Am J Psychiatry 2005;162:1543-1542. doi:10.1176/appi.ajp.162.8.1543

To the Editor: Recently, a patient in our institution developed palpable purpura shortly after initiation of the antipsychotic clozapine. Palpable purpura is an indication of inflammatory hemorrhage and is highly suggestive of allergic vasculitis. A literature search revealed no prior reported cases. We are reporting this case of clozapine-induced allergic vasculitis to promote a swifter diagnosis and treatment of this rare complication.

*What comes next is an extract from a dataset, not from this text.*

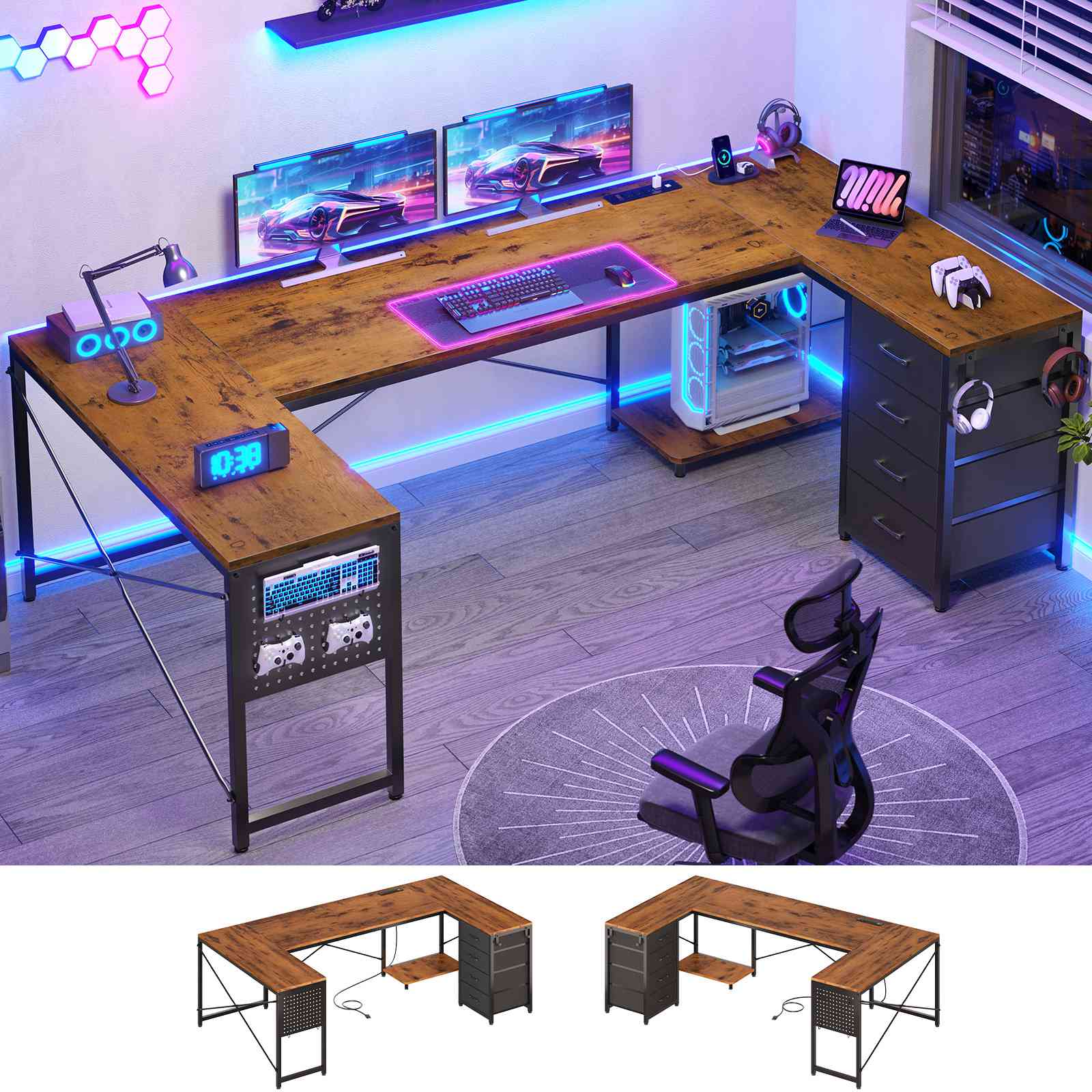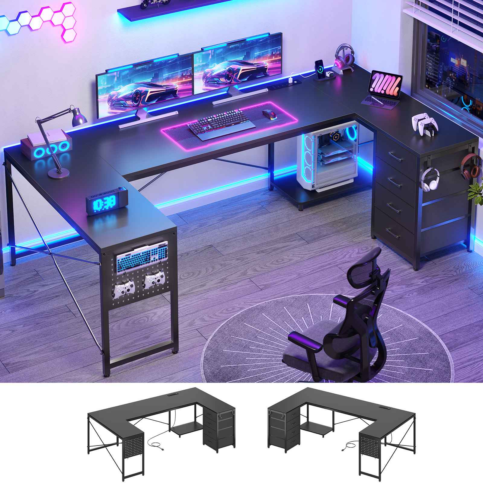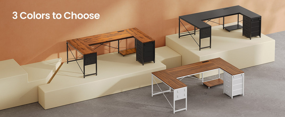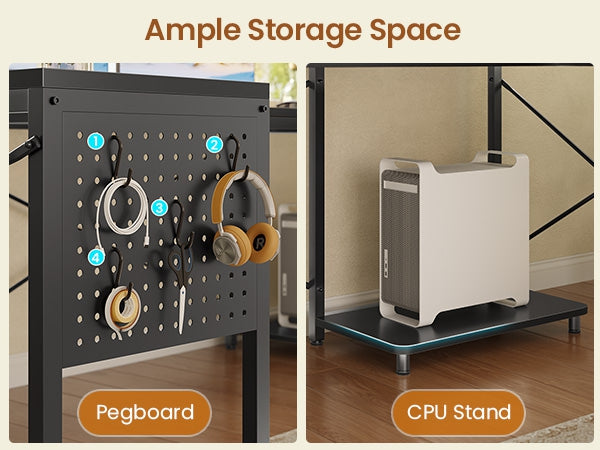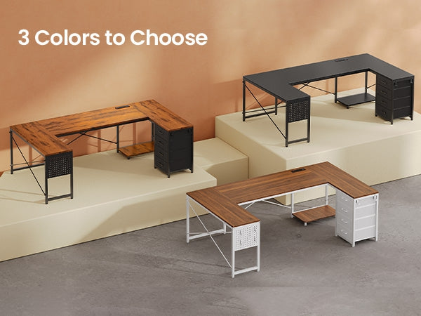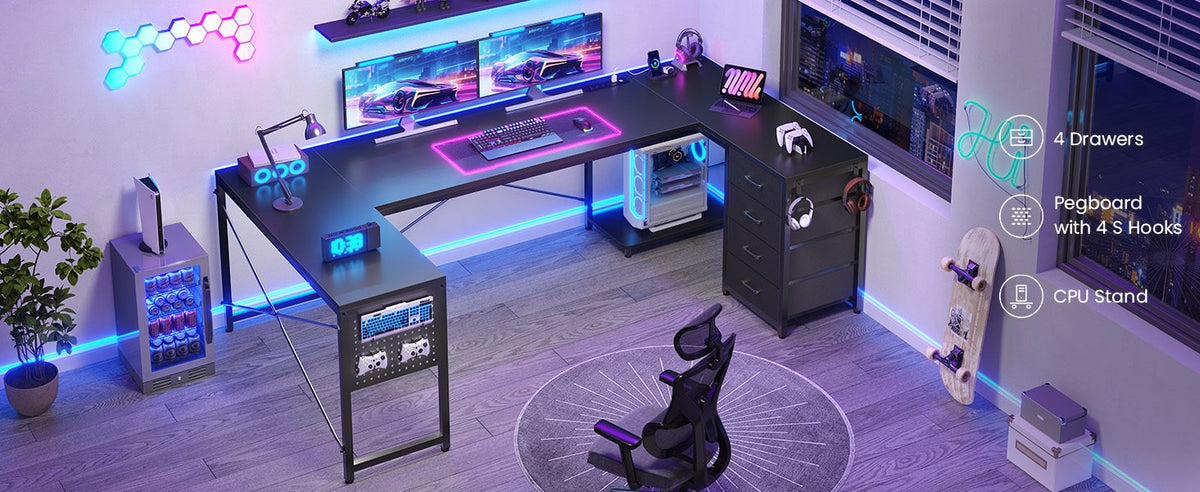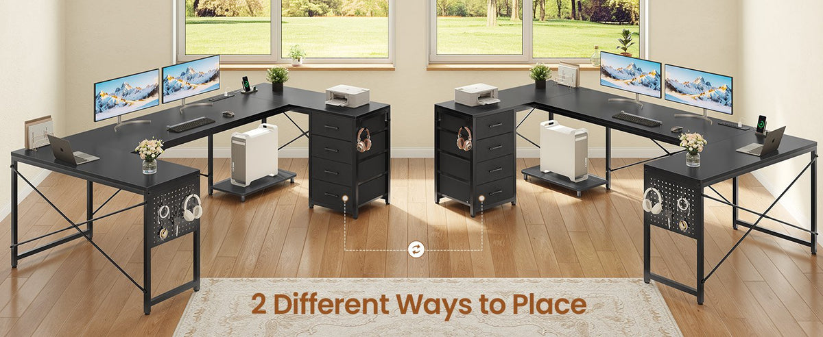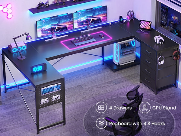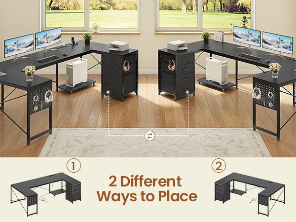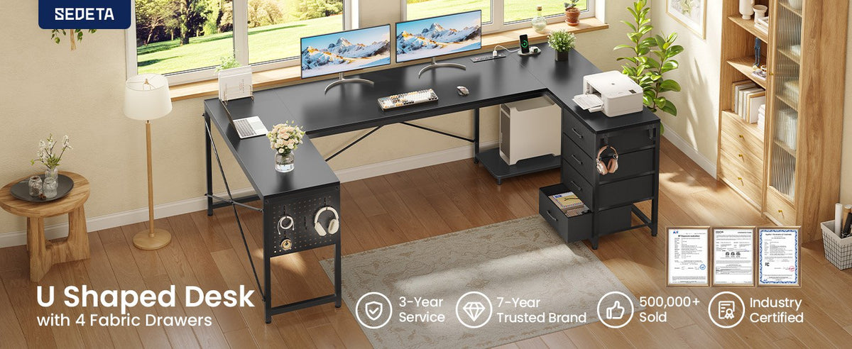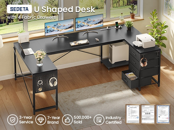•【Reversible Design】4 fabric drawers and CPU stand can be placed on either the left or right side, allowing you to customize the U shaped office desk to suit your needs. An ideal corner gaming desk for small rooms or limited spaces to create excellent home office space.

Mr. A was a 59-year-old man with a history of paranoid schizophrenia, deafness, hypothyroidism, and tardive dyskinesia. Haloperidol was being discontinued and clozapine initiated because of persistent extrapyramidal symptoms, tardive dyskinesia, and treatment-resistant psychotic symptoms. Clozapine had been introduced 17 days earlier and was being slowly titrated upward. Besides haloperidol, his other medications included benztropine, divalproex sodium, lorazepam, trazodone, and levothyroxine. When the total dose of clozapine was 137.5 mg/day, a rash developed on his legs. The rash was a confluent, nonblanching, erythematous, elevated patch consistent with a palpable purpura. It continued to spread up his lower extremities but never involved his palms or soles. He was afebrile with stable vital signs and had a benign examination otherwise. Aside from the clozapine, treatment with all other medications was longer than 2 months, with haloperidol, benztropine, and divalproex sodium having been administered for more than 10 years.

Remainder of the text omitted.